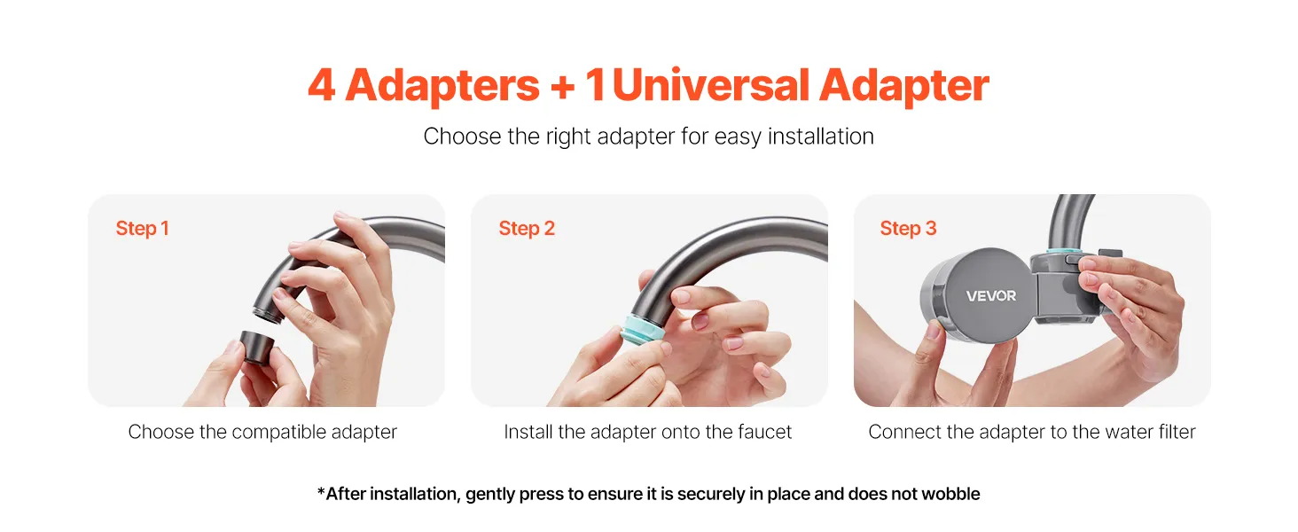 Der Spülwasserreiniger enthält 4 Adapter und 1 Universaladapter zur einfachen Auswahl. Wählen Sie den richtigen Adapter und Sie können die Installation innerhalb von 5 Minuten abschließen.
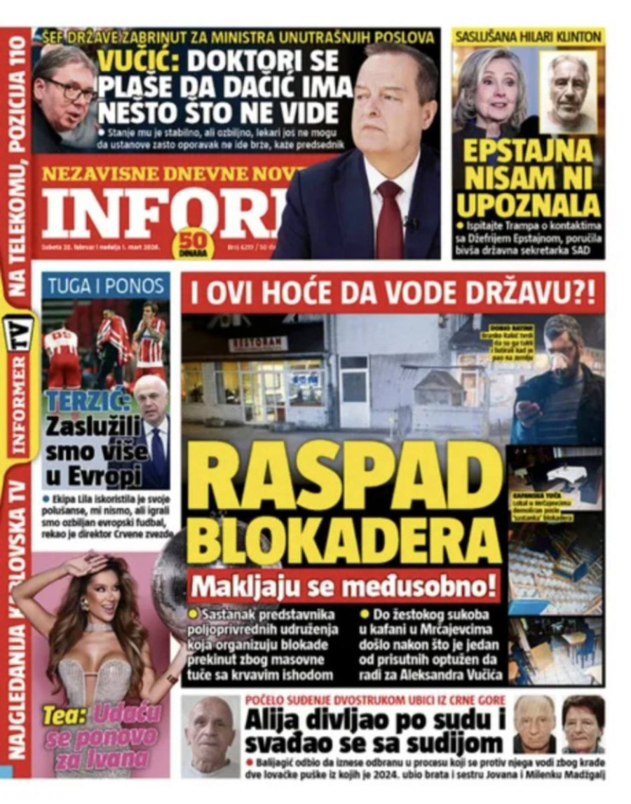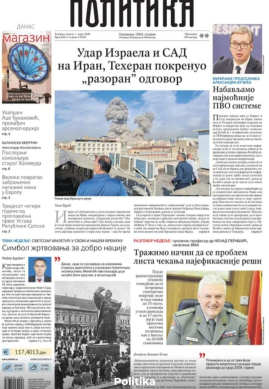 Dnevne novine u Srbiji za nedelju, 1. mart 2026. godine, na naslovnim stranama najavljuju brojne aktuelne društveno-političke teme.
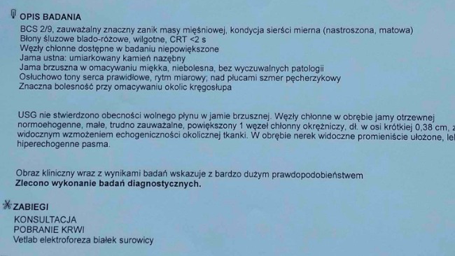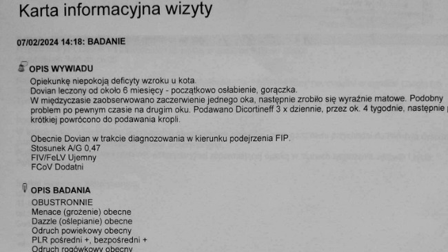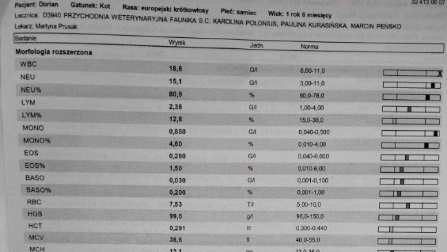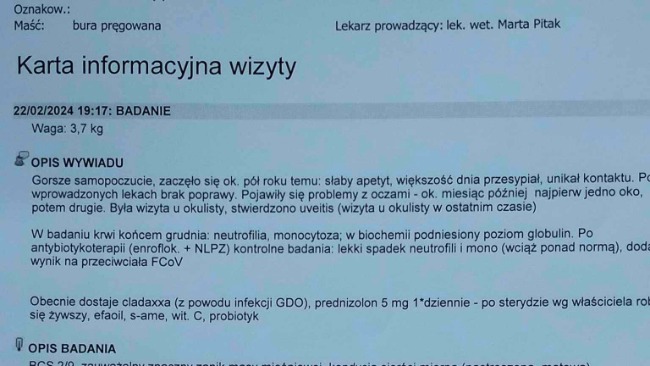 Witam wszystkich. Prosimy Was o pomoc w leczeniu naszego Doriana, dwuletniego kotka. Już jako młody kociak długo chorował na koci katar i mieliśmy nadzieję, że po tym już wszystko będzie w porządku, jednak od jakiegoś czasu Dorian stał się bardzo smutny i tylko spał, nie miał apetytu, miał bardzo wysoką gorączkę. Udaliśmy się do weterynarza, aby dowiedzieć się co mu dolega. Już pierwsze badania wykazały bardzo silny stan zapalny całego organizmu, dlatego lekarz zalecił leczenie antybiotykiem. Po kilkumiesięcznym leczeniu stan zapalny zamiast się poprawić poszerzył się o problemy ze wzrokiem. Odbyliśmy konsultację z okulistą, która potwierdziła stan zapalny w oczach Dorka, a każda kolejna wizyta utwierdzała podejrzenie ciężkiej choroby - KOSZMARNA DIAGNOZA - zakaźne zapalenie otrzewnej (poniżej załączone wyniki badań). Podjęliśmy więc walkę o jego życie. Jest on po pierwszych dawkach leku, który poprawił jego stan na tyle, że powoli zaczyna normalnie funkcjonować. Niestety pełne leczenie jest drogie i trwa około 3 miesięcy, przerasta to nasze możliwości finansowe, więc nie damy sobie rady sami. Dlatego prosimy Was o pomoc i wsparcie. Każda złotówka jest na wagę złota! Błagamy, nie bądźcie obojętni! Zawalczcie z nami o życie naszego członka rodziny.
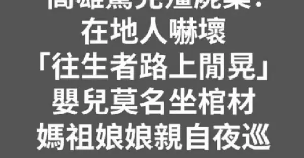 高雄殭屍奇案!在地人驚曝「往生者路上閒晃」嬰兒莫名坐棺材 媽祖娘娘「親自夜巡」如今仍有怪事

» Task to carry out: Only the pictures are to be left out; write out all the other data exactly.

» Answer area:
 Der Spülwasserreiniger enthält 4 Adapter und 1 Universaladapter zur einfachen Auswahl. Wählen Sie den richtigen Adapter und Sie können die Installation innerhalb von 5 Minuten abschließen.
 Dnevne novine u Srbiji za nedelju, 1. mart 2026. godine, na naslovnim stranama najavljuju brojne aktuelne društveno-političke teme.
 Witam wszystkich. Prosimy Was o pomoc w leczeniu naszego Doriana, dwuletniego kotka. Już jako młody kociak długo chorował na koci katar i mieliśmy nadzieję, że po tym już wszystko będzie w porządku, jednak od jakiegoś czasu Dorian stał się bardzo smutny i tylko spał, nie miał apetytu, miał bardzo wysoką gorączkę. Udaliśmy się do weterynarza, aby dowiedzieć się co mu dolega. Już pierwsze badania wykazały bardzo silny stan zapalny całego organizmu, dlatego lekarz zalecił leczenie antybiotykiem. Po kilkumiesięcznym leczeniu stan zapalny zamiast się poprawić poszerzył się o problemy ze wzrokiem. Odbyliśmy konsultację z okulistą, która potwierdziła stan zapalny w oczach Dorka, a każda kolejna wizyta utwierdzała podejrzenie ciężkiej choroby - KOSZMARNA DIAGNOZA - zakaźne zapalenie otrzewnej (poniżej załączone wyniki badań). Podjęliśmy więc walkę o jego życie. Jest on po pierwszych dawkach leku, który poprawił jego stan na tyle, że powoli zaczyna normalnie funkcjonować. Niestety pełne leczenie jest drogie i trwa około 3 miesięcy, przerasta to nasze możliwości finansowe, więc nie damy sobie rady sami. Dlatego prosimy Was o pomoc i wsparcie. Każda złotówka jest na wagę złota! Błagamy, nie bądźcie obojętni! Zawalczcie z nami o życie naszego członka rodziny.
 高雄殭屍奇案!在地人驚曝「往生者路上閒晃」嬰兒莫名坐棺材 媽祖娘娘「親自夜巡」如今仍有怪事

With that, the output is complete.